-- GIVEN ENTRIES follows --

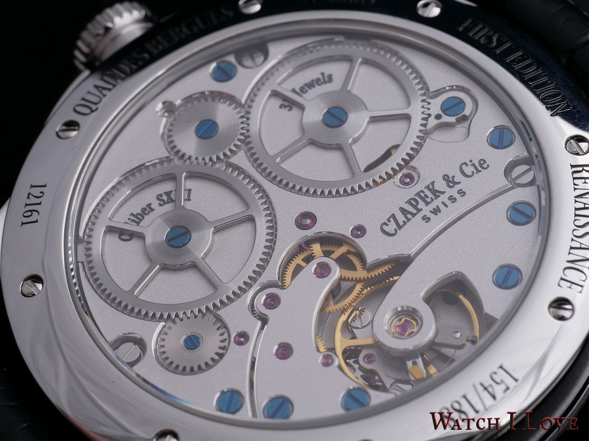 The movement is inspired in shape in function by the Czapek’s 1850 calibre. With a modern design and haute horlogerie finishes, the calibre SXH1 is part of the exquisite family of independent created and manufactured movements.
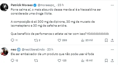 “Neosaldina e as agências que cuidam da carreira do atleta têm absoluta convicção de que essa parceria foi feita respeitando todas as regras das agências antidoping e desportivas no Brasil e no mundo”, iniciou o texto.
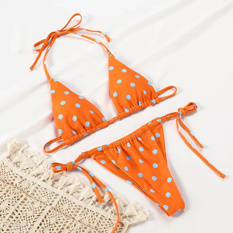 Характеристики: треугольный бюстгальтер + трусики-стринги с эластичным регулируемым ремешком
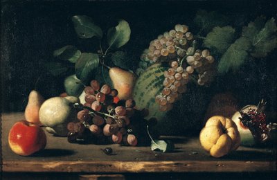 Stillleben mit Wassermelone, Trauben, Pflaumen, Pfirsichen, Kirschen und anderem Obst auf einem Sims(Still Life of Water Melon, Grapes, Plums, Peaches, Cherries and other Fruit on a Ledge)Abraham Brueghel |
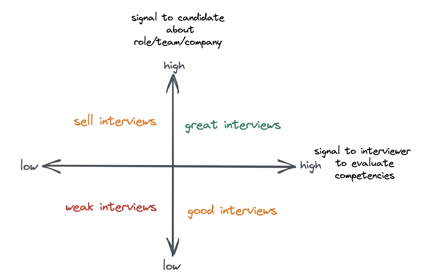 • Sell interviews may not yield a lot of signal to interviewers, but deliver a lot of signal to the candidate. These are necessary, but should be saved for later stages of the loop.
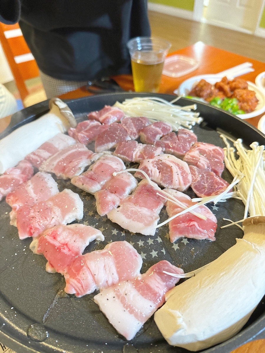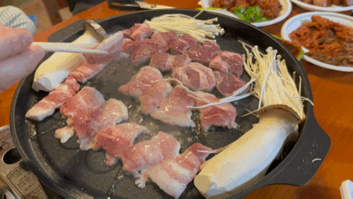 테이블 세팅이 끝나면 오늘의 주인공은 삼겹기
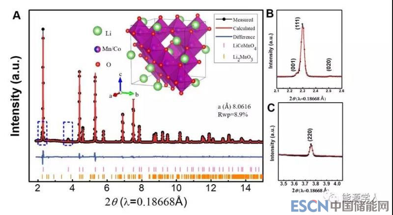 圖1. 合成的LiCoMnO4的 XRD圖譜以及精修圖譜。
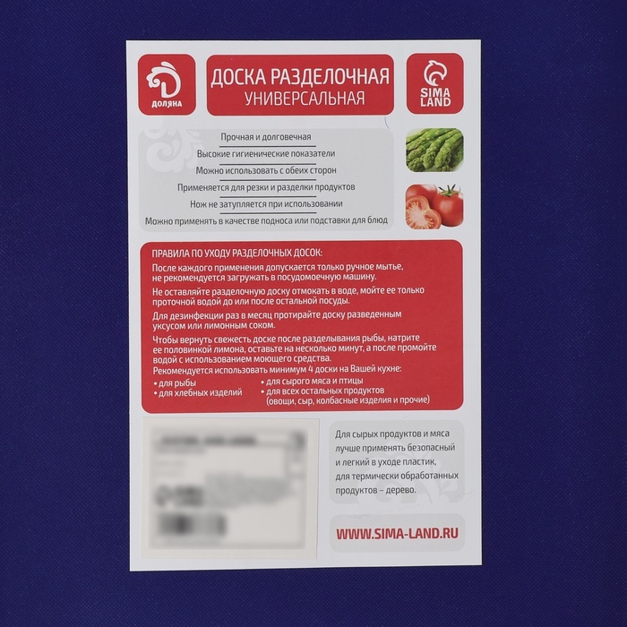 Доска разделочная Доляна «Хозяюшка», прямоугольная, 28×18 см, пластик, синяя — Характеристики
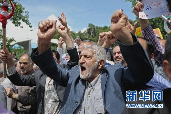 在當(dāng)天的示威活動中,伊朗民眾手持“維護伊核協(xié)議、維護地區(qū)和平”和“伊朗不懼外來威脅”等標(biāo)語并高呼口號。
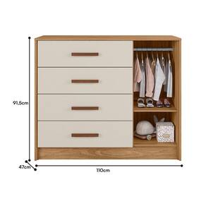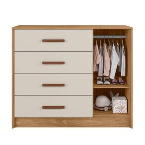 A Cômoda Infantil Pérola é uma adição perfeita para o quarto do seu bebê. Possui uma estrutura resistente de MDP e acabamento de pintura UV, esta cômoda combina durabilidade com estilo. Com uma porta, quatro gavetas espaçosas equipadas com corrediças telescópicas, prateleira e cabideiro, oferece amplo espaço interno para manter roupas e acessórios organizados. Os puxadores em MDF revestido e as dobradiças metálicas adicionam um toque de elegância. Proporcione praticidade e charme ao ambiente infantil com esta cômoda funcional e cheia de estilo.
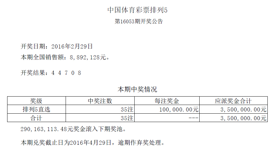 开奖公告

-- GIVEN ENTRIES concluded --

#### HOW TO COMPLETE THIS TASK:
The result should be a word-for-word restatement of all the data, without images.

#### ANSWER TO THIS EXERCISE:
 The movement is inspired in shape in function by the Czapek’s 1850 calibre. With a modern design and haute horlogerie finishes, the calibre SXH1 is part of the exquisite family of independent created and manufactured movements.
 “Neosaldina e as agências que cuidam da carreira do atleta têm absoluta convicção de que essa parceria foi feita respeitando todas as regras das agências antidoping e desportivas no Brasil e no mundo”, iniciou o texto.
 Характеристики: треугольный бюстгальтер + трусики-стринги с эластичным регулируемым ремешком
 Stillleben mit Wassermelone, Trauben, Pflaumen, Pfirsichen, Kirschen und anderem Obst auf einem Sims(Still Life of Water Melon, Grapes, Plums, Peaches, Cherries and other Fruit on a Ledge)Abraham Brueghel |
 • Sell interviews may not yield a lot of signal to interviewers, but deliver a lot of signal to the candidate. These are necessary, but should be saved for later stages of the loop.
 테이블 세팅이 끝나면 오늘의 주인공은 삼겹기
 圖1. 合成的LiCoMnO4的 XRD圖譜以及精修圖譜。
 Доска разделочная Доляна «Хозяюшка», прямоугольная, 28×18 см, пластик, синяя — Характеристики
 在當(dāng)天的示威活動中,伊朗民眾手持“維護伊核協(xié)議、維護地區(qū)和平”和“伊朗不懼外來威脅”等標(biāo)語并高呼口號。
 A Cômoda Infantil Pérola é uma adição perfeita para o quarto do seu bebê. Possui uma estrutura resistente de MDP e acabamento de pintura UV, esta cômoda combina durabilidade com estilo. Com uma porta, quatro gavetas espaçosas equipadas com corrediças telescópicas, prateleira e cabideiro, oferece amplo espaço interno para manter roupas e acessórios organizados. Os puxadores em MDF revestido e as dobradiças metálicas adicionam um toque de elegância. Proporcione praticidade e charme ao ambiente infantil com esta cômoda funcional e cheia de estilo.
 开奖公告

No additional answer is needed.